Your computer is infected with malicious software? Do you have pop-ups on your PC?
If so, search this blog for removal instructions or browse computer threats by category.

Sunday, January 18, 2015

How to Remove Trojan.Zbot Activity 15 (Uninstall Guide)

Tell your friends:
Trojan.Zbot Activity 15 is is a Trojan Horse that could pose a serious security threat. If you are seeing warnings that your system is infected with this Trojan then you probably have a variant of the Poweliks malware. It creates multiple dllhost.exe processes on the infected computer and tries to download additional malware or post stolen information to cyber criminals. Attacks are usually made from the Windows folder Syswow64\dllhost.exe. We're sure you recall the tale from ancient Greece about the Greek army infiltrating the City of Troy by means of an enormous wooden horse. You might also be wondering why this article about malware is opening with a mythical story from a bygone era! It's because to understand what today's Trojan Horse malware is, it helps to look back and remember the underhand way that the Greeks used to wreak havoc on the Trojans. You see, the Greeks were cunning and they fooled the people of Troy into thinking that their wooden horse was a gift – a peace offering in actual fact – and the Trojans, believing them, accepted this gift of their own volition and took it into their midst.

The warning reads:

An intrusion attempt by [edited].com was blocked.
IPS Alert Name: System Infected: Trojan. Zbot Activity 15
Default Action: No Action Required.
Action Taken: No Action Required
Attacking Computer: [edited].com
Attacker URL: [edited].com/z
Destination Address: Becky-PC [edited]
Source Address: [edited]
Traffic Description: TCP, www-http
Network traffic from [edited].com/z matches the signature of a known attack.
The attack was resulted from \Device\Harddiskvolume2\Windows\Syswow64\dllhost.exe

Of course, you know how the story goes – once the wooden horse was rolled inside the city walls, after the Trojans had gone to sleep and under the cover of darkness, the Greek soldiers who were hiding inside the horse crept out and opened the gates to their fellow countrymen.

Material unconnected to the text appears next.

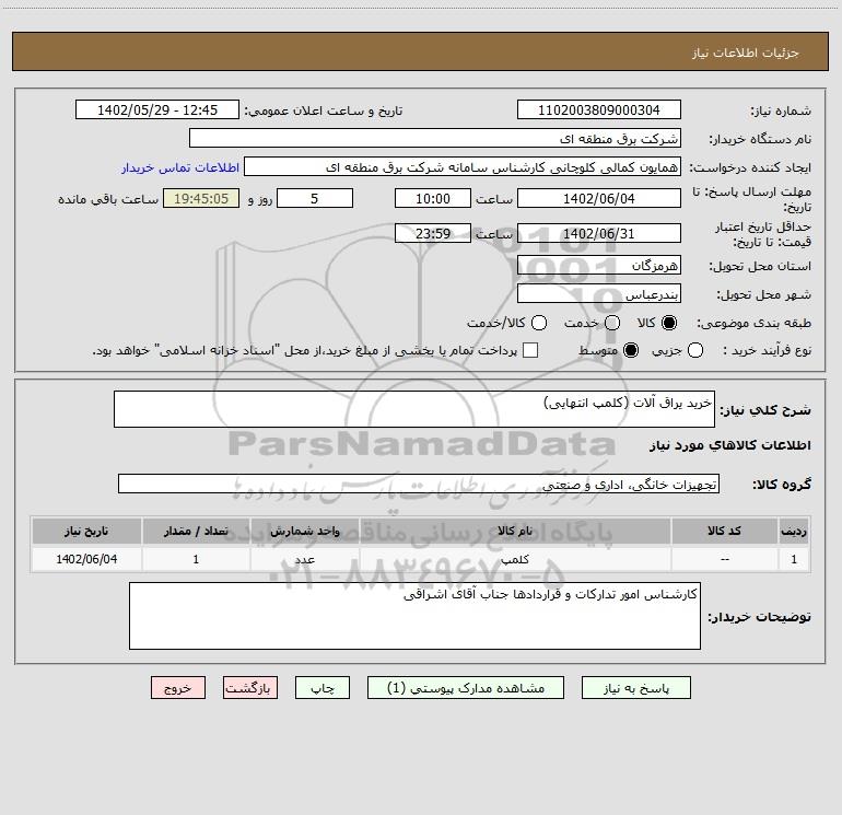 نام دستگاه خریدار:شرکت برق منطقه ای
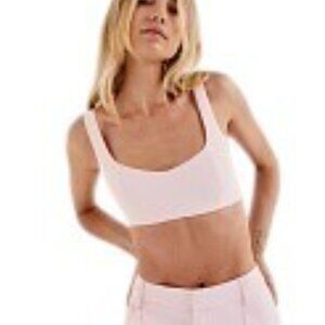 For Love and Lemons, Shannon Crop Top Size Medium. Color Light Pink. Non-smoking dog-loving home. Per site description: Shannon is a structured bra top featuring adjustable buttoned shoulder straps and an accordion hook closure. The fabric is recycled polyester gabardine suiting material. The lining is a silky satin jacquard made from Ecovero viscose. Ecovero viscose is derived from certified renewable wood sources using eco-responsible production and meeting high environmental standards.

And if you know anything about the Trojan Horses of today, you'll see the parallels that can be drawn between the two: the horse and the malware.

Yesteryear's ancient Greeks (or the Greeks in that particular story anyway!) are today's malware programmers. They have created a product which for all intents and purposes looks harmless, fun or even useful and they convince you to download it – or accept it within your city walls, if you will. You do so, not suspecting anything is wrong, and then as soon as YOUR Trojan.Zbot Activity 15 Trojan Horse is installed on your computer, it will cause you untold misery – just as it did all those years go for the Trojans.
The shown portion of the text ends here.